Queens house clean out gives DiMola new life insurance policy — for just 40 cents a week
This Prudential life insurance brochure from 1930 is no stranger to the inside of a desk.
It’s had a home in my office desk for the past few months. And before that, it was stored for 81 years in one that belonged to its original owner.
How is it possible, you might ask, that in more than eight decades no one managed to throw away this flimsy life insurance brochure when it was just sitting in this desk among several other stacks of paperwork? Well, I can’t help you, because I have no idea.
This Prudential life insurance certificate is dated June 16, 1930, and it belonged to a man named Frank Lazzatti, who was 29 years old at the time. The amount of insurance offered was $328 — for a weekly premium of 40 cents!

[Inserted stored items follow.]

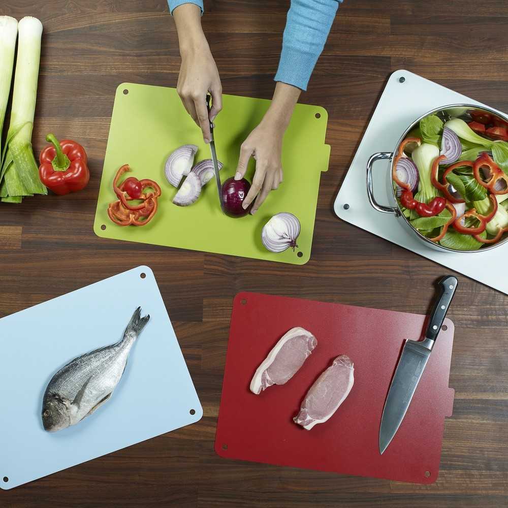 Часто пластиковые доски выпускаются комплектами из изделий разного цвета, что очень удобно для применения. Недостатки: восприимчивость к высоким температурам – от контакта с горячими предметами посуды происходит деформация досок.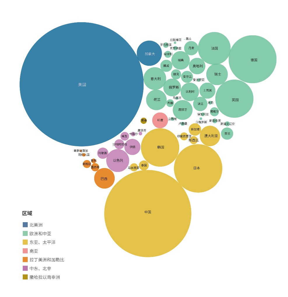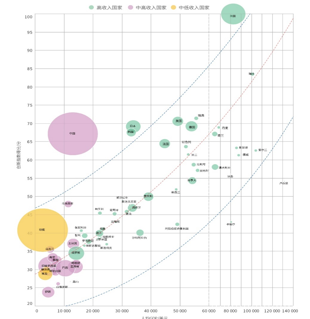 △各国人均GDP与国家创新指数得分(注:圆圈大小代表人口规模)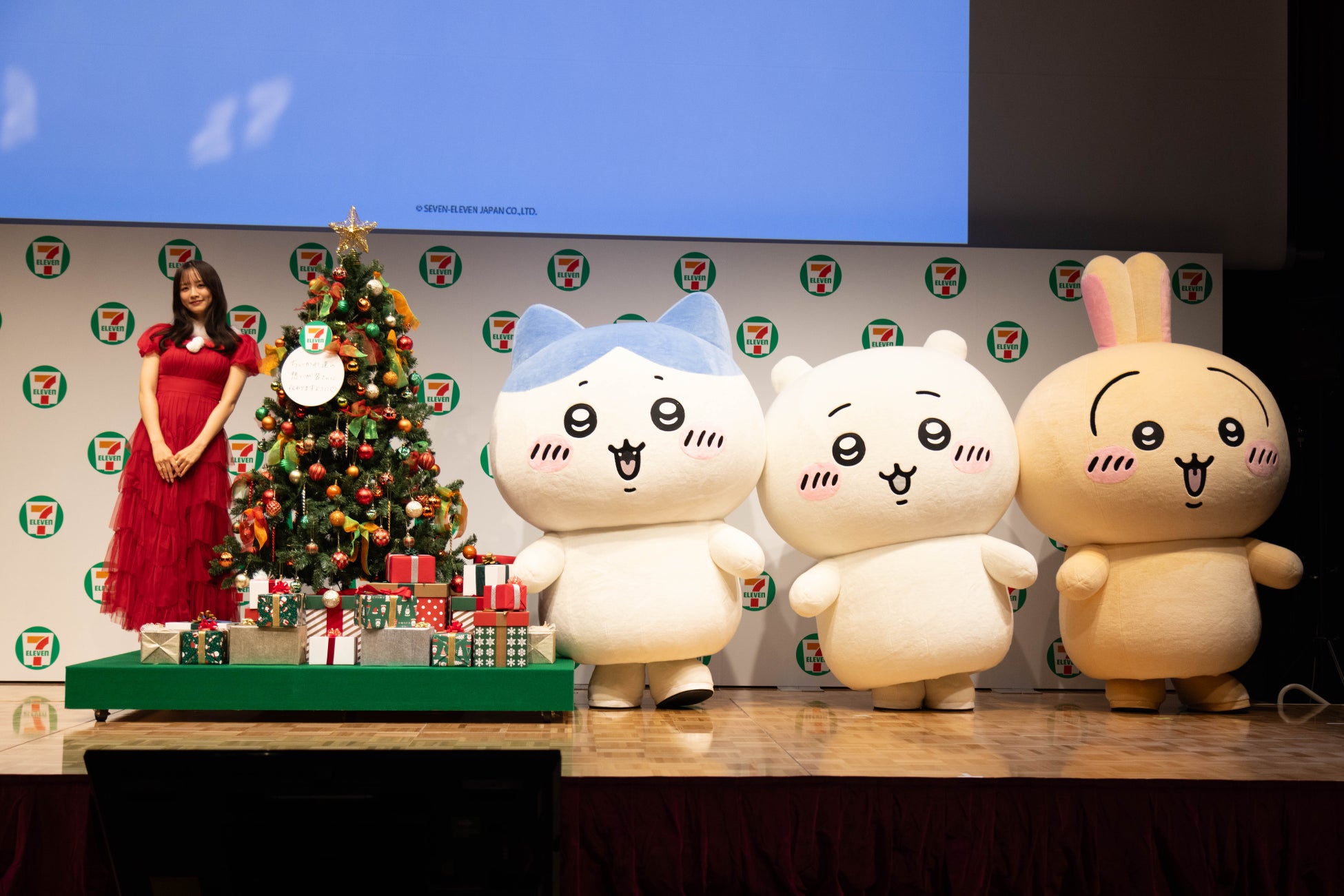 株式会社セブン‐イレブン・ジャパン(本社:東京都千代田区、代表取締役社長:阿久津 知洋)は、人気キャラクター「ちいかわ」とコラボレーションしたクリスマスキャンペーン「ちいかわと冬をたのしんじゃお! セブン‐イレブン×ちいかわ」を、12月2日(火)から全国のセブン‐イレブン店舗で開催いたします。本キャンペーンに先駆けて、11月28日(金)には、「ちいかわと冬をたのしんじゃお! セブン‐イレブン×ちいかわ」PR発表会を開催。当日は、株式会社セブン‐イレブン・ジャパン 執行役員マーケティング本部長 岡嶋則幸より、本キャンペーン施策の内容および各商品について説明しました。さらに、スペシャルゲストとして森香澄さんが登場。さらに、ちいかわ・ハチワレ・うさぎもサプライズで駆けつけていただき、会場を盛り上げました。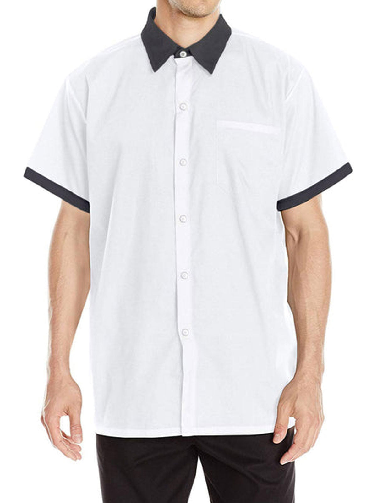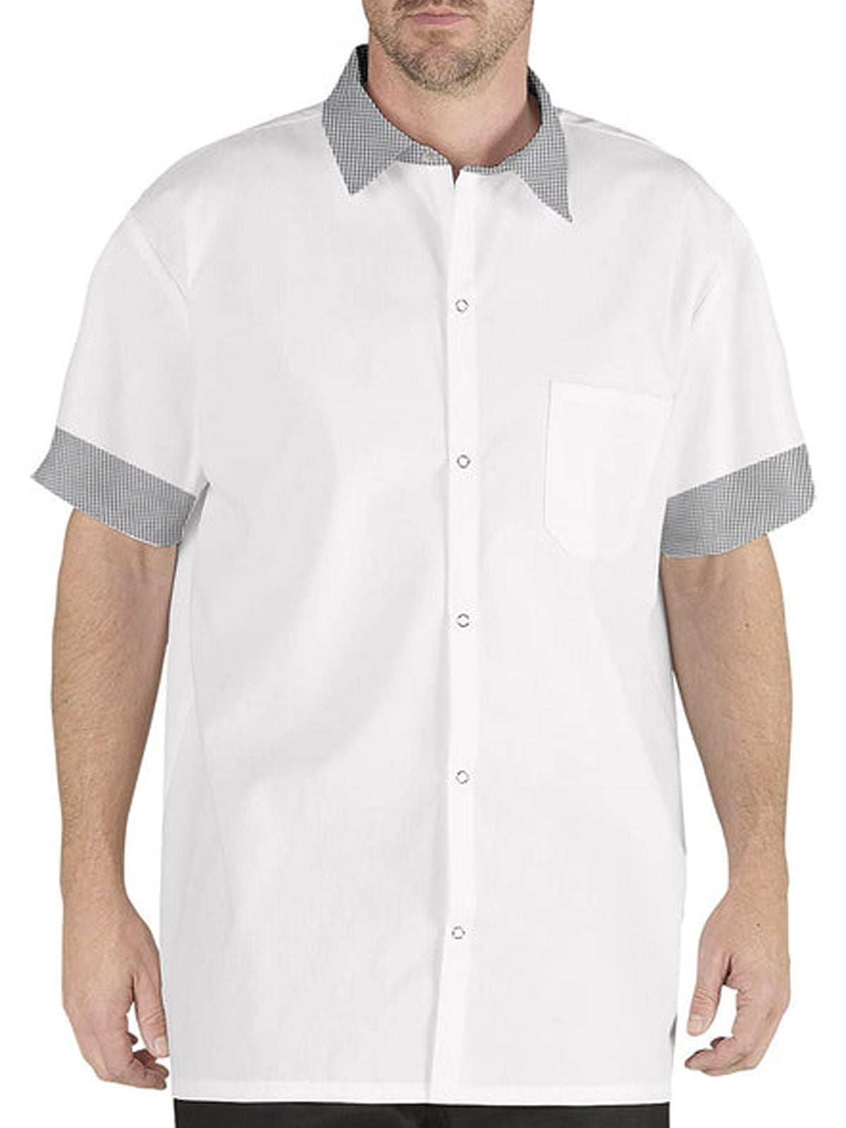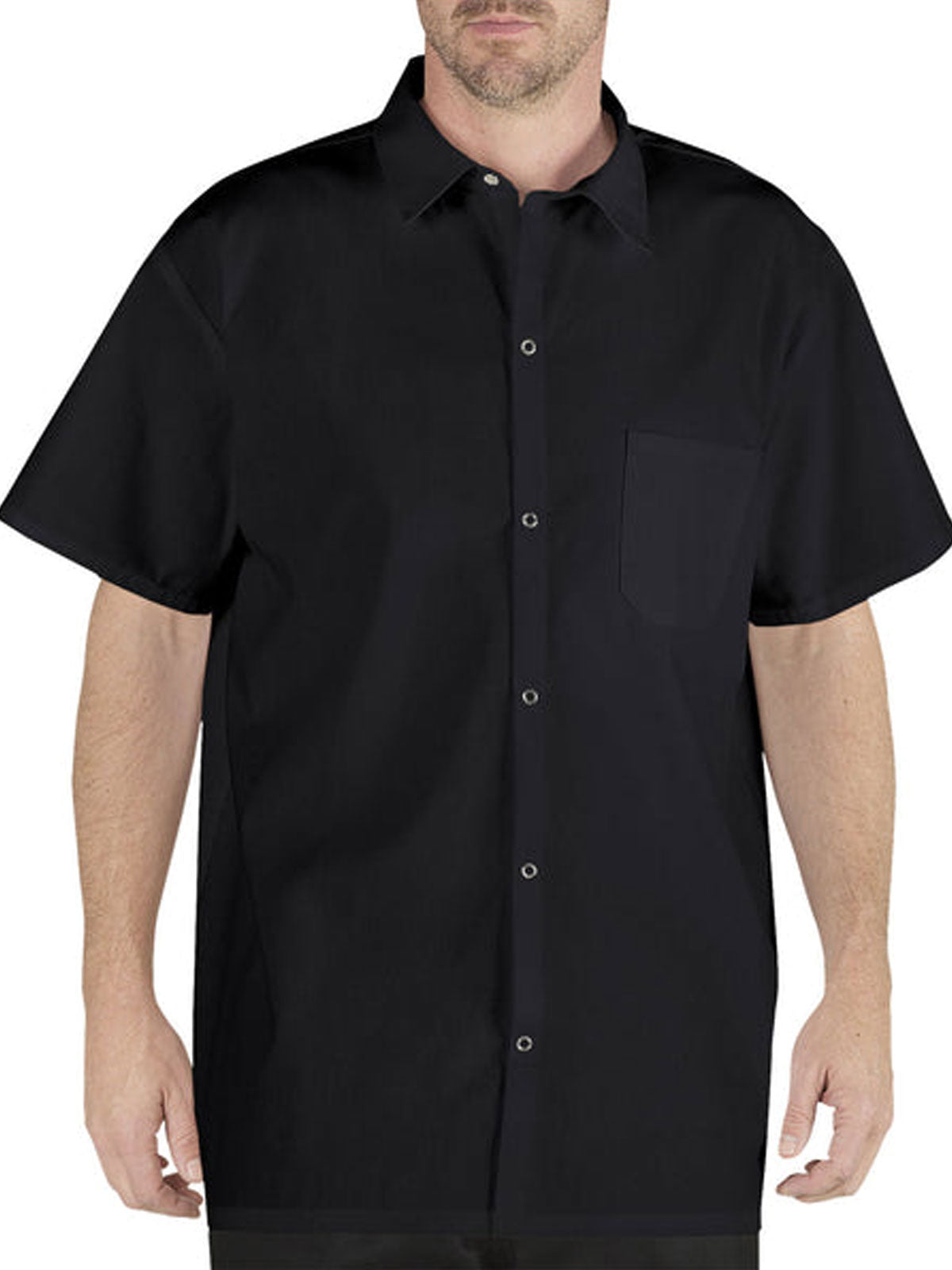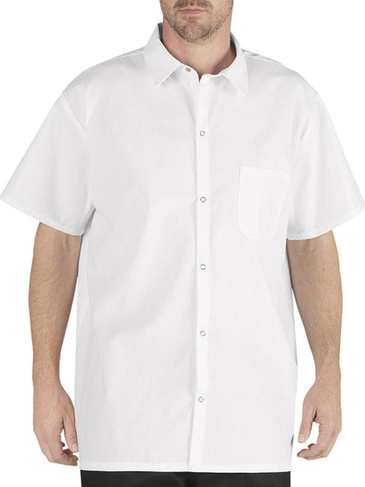 Our six snap button cook shirt is an easy care brushed poly cotton. This kitchen basic provides a polished look and is soft and comfortable with a longer body.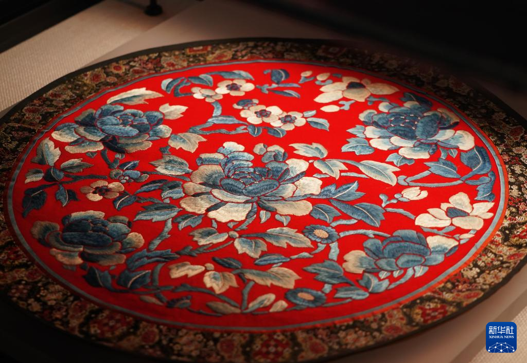 4月16日,在洛阳牡丹阁拍摄的带有牡丹元素的展品“平安富贵绣片”。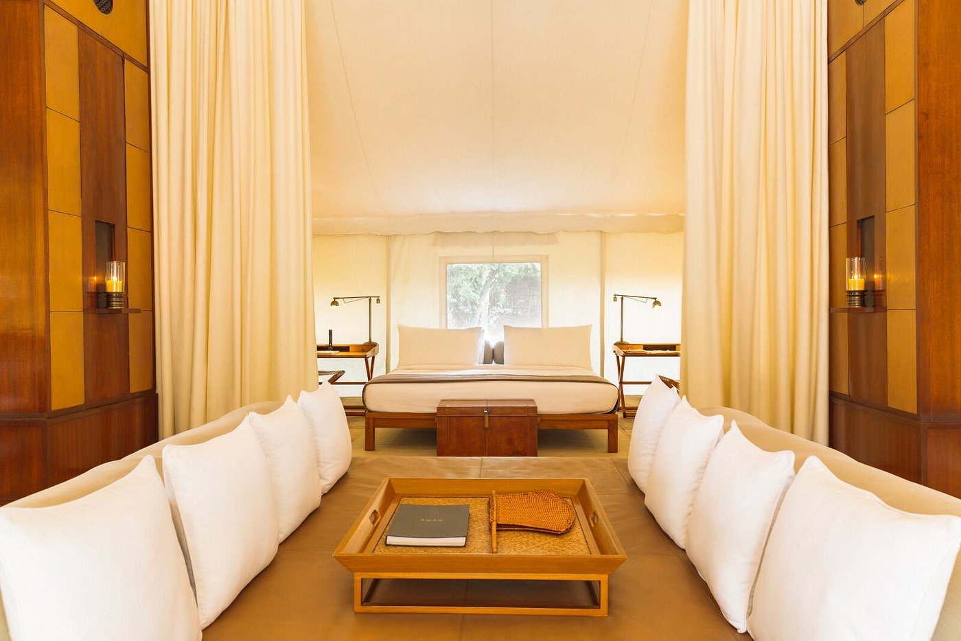 Situated on the threshold of the reserve, this intimate tented camp offers incomparable privacy and daily safaris seeking out the reserve’s wildlife. Aman-i-Khas offers spa therapies, swimming in a beautiful stone pool, and thoughtfully curated menus. The camp’s ten expansive and luxurious tents overlook a ruggedly beautiful landscape that is home to abundant wildlife. Positioned to ensure utmost privacy, the Tents offer soaring living spaces decorated with classic furnishings. The light-filled bathing area features a free-standing bathtub and shower, while the living room has twin writing desks.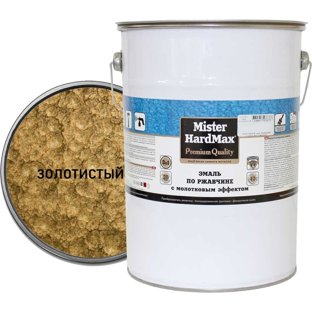 Эмаль по ржавчине с молотковым эффектом HardMax золотистая, барабан 5 кг, 1 шт. 4690417076215 служит для одновременного преобразования ржавчины, антикоррозионного грунтования, финишной окраски чистых и прокорродировавших металлических поверхностей (с толщиной прочно связанной с металлом ржавчины до 80 мкм). Используют для обработки промышленного оборудования, дверей, ворот, ограждений, корпусов видео- и аудиоаппаратуры (кинопроекторы, телескопы), банковской техники, изделий художественной ковки, металлической мебели (стеллажи, шкафы, сейфы). Состав образует рисунчатое (молотковое) покрытие, маскирующее мелкие дефекты поверхности. Своеобразный фактурный слой подчеркивает красоту изделий ручной работы. Продукт обладает высокой атмосферостойкостью, повышенной влаго- и противокоррозионной стойкостью. Применение эмали упрощает подготовку основания перед окрашиванием и удешевляет технологию создания антикоррозионного покрытия, т.к. не требует предварительного удаления прочно связанной ржавчины и грунтования. Срок службы покрытия не менее 8 лет.

If this guy Frank died suddenly, his family would receive $328. Now, a $328 insurance policy would be equivalent to about $20,900, according to MeasuringWorth.com, using the nominal GDP per capita method the site provides. And, a weekly premium of 40 cents would equal about $25 today.
It’s crazy to think that, today, 40 cents won’t even get you a cup of coffee. Forty cents won’t even get you a bad cup of coffee. I’m not even sure that 40 cents could get you the plastic cup to hold the coffee. And, in 1930, 40 cents a week could get you a decent life insurance plan.